SUPPLIED DATA:
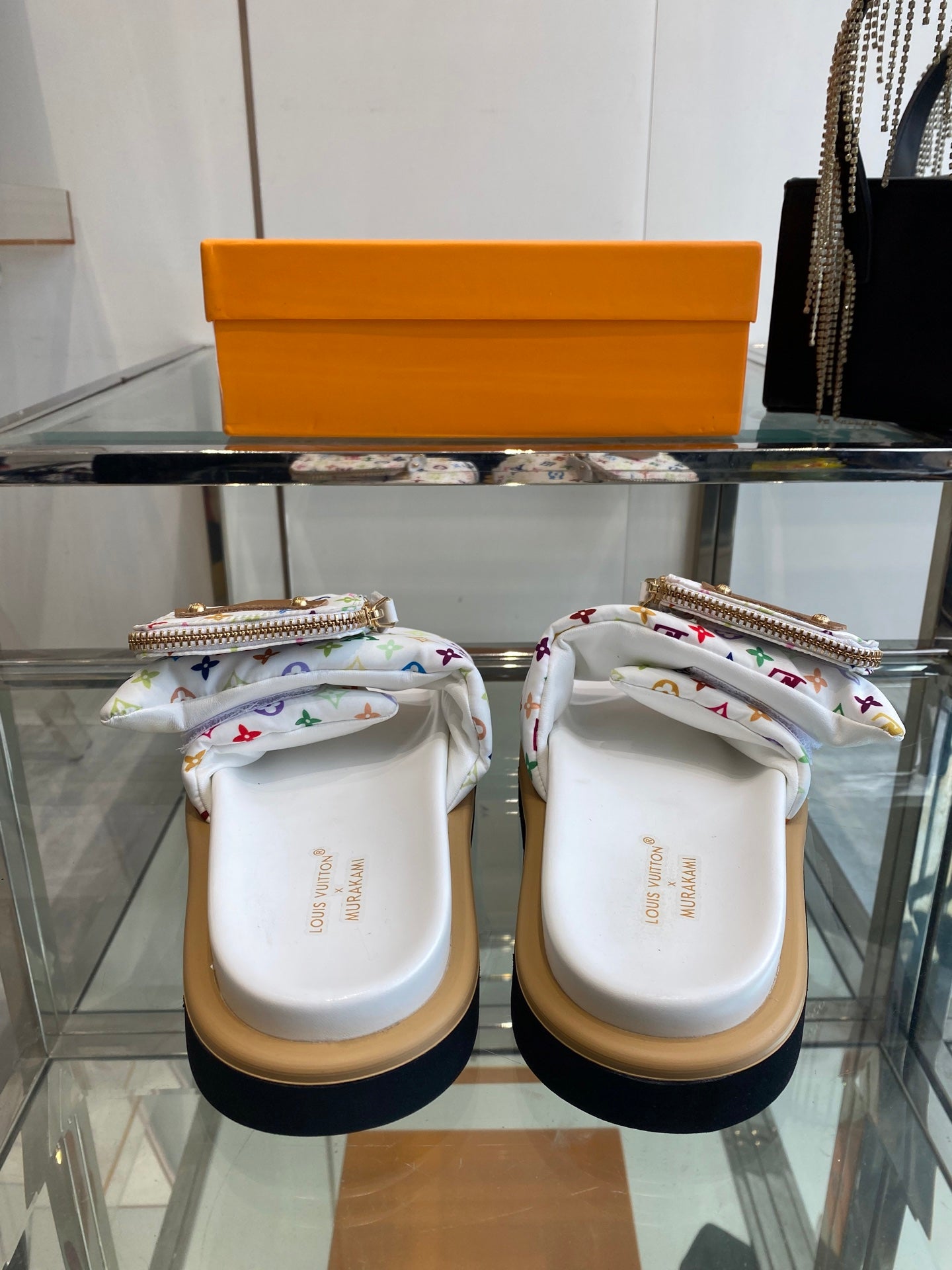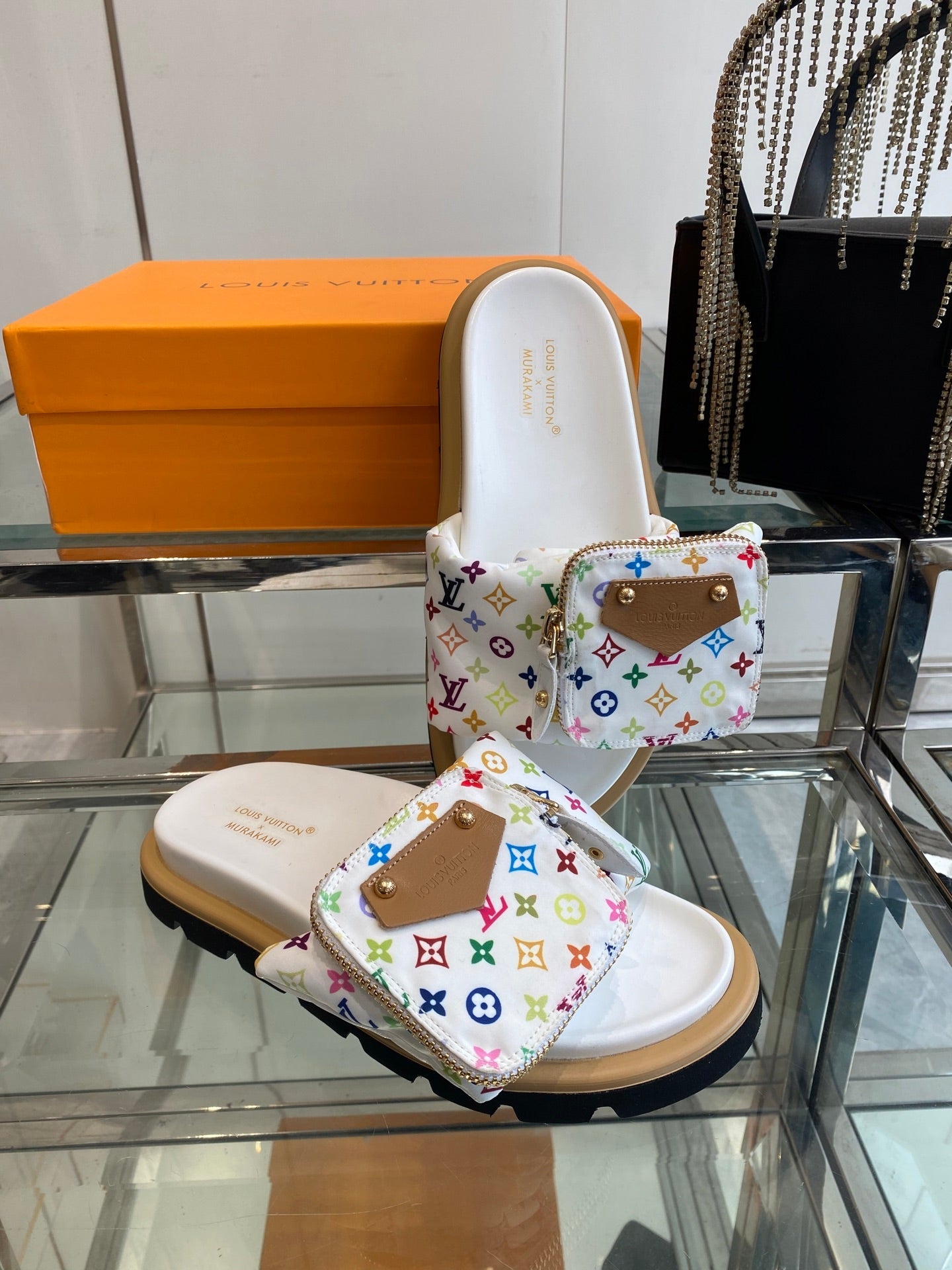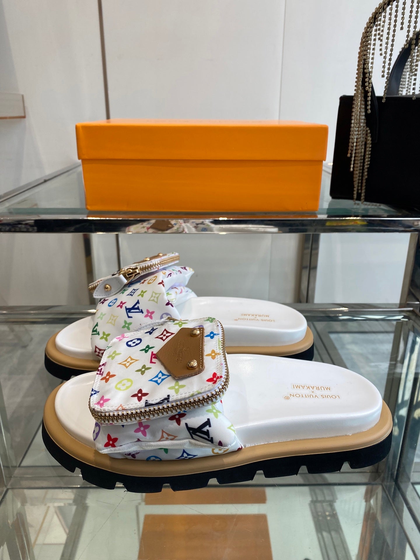 LV x TAKASHI MURAKAMI SLIDES IN MULTICOLOR FABRIC WITH ZIP POCKET STRAP
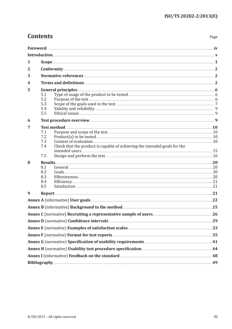 - Statistical and reporting guidance: Includes guidance on recruiting representative samples, confidence intervals (Annexes C and D), satisfaction scales (Annex E), and a format for test reports (Annex F).
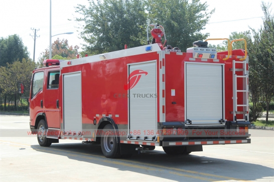 ISUZU ELF water foam fire truck, ISUZU ELF Left Hand Drive model 4x2 chassis, MLD 6-speed manual gearbox, ISUZU 190HP diesel engine, painting and logos depend on requirement.

EXERCISE: Using the listing above, copy every line from the line containing "- Statistical and" through the last one, both included, and no other lines. Pictures stay out.

ANSWER TO THIS TASK:
 - Statistical and reporting guidance: Includes guidance on recruiting representative samples, confidence intervals (Annexes C and D), satisfaction scales (Annex E), and a format for test reports (Annex F).
 ISUZU ELF water foam fire truck, ISUZU ELF Left Hand Drive model 4x2 chassis, MLD 6-speed manual gearbox, ISUZU 190HP diesel engine, painting and logos depend on requirement.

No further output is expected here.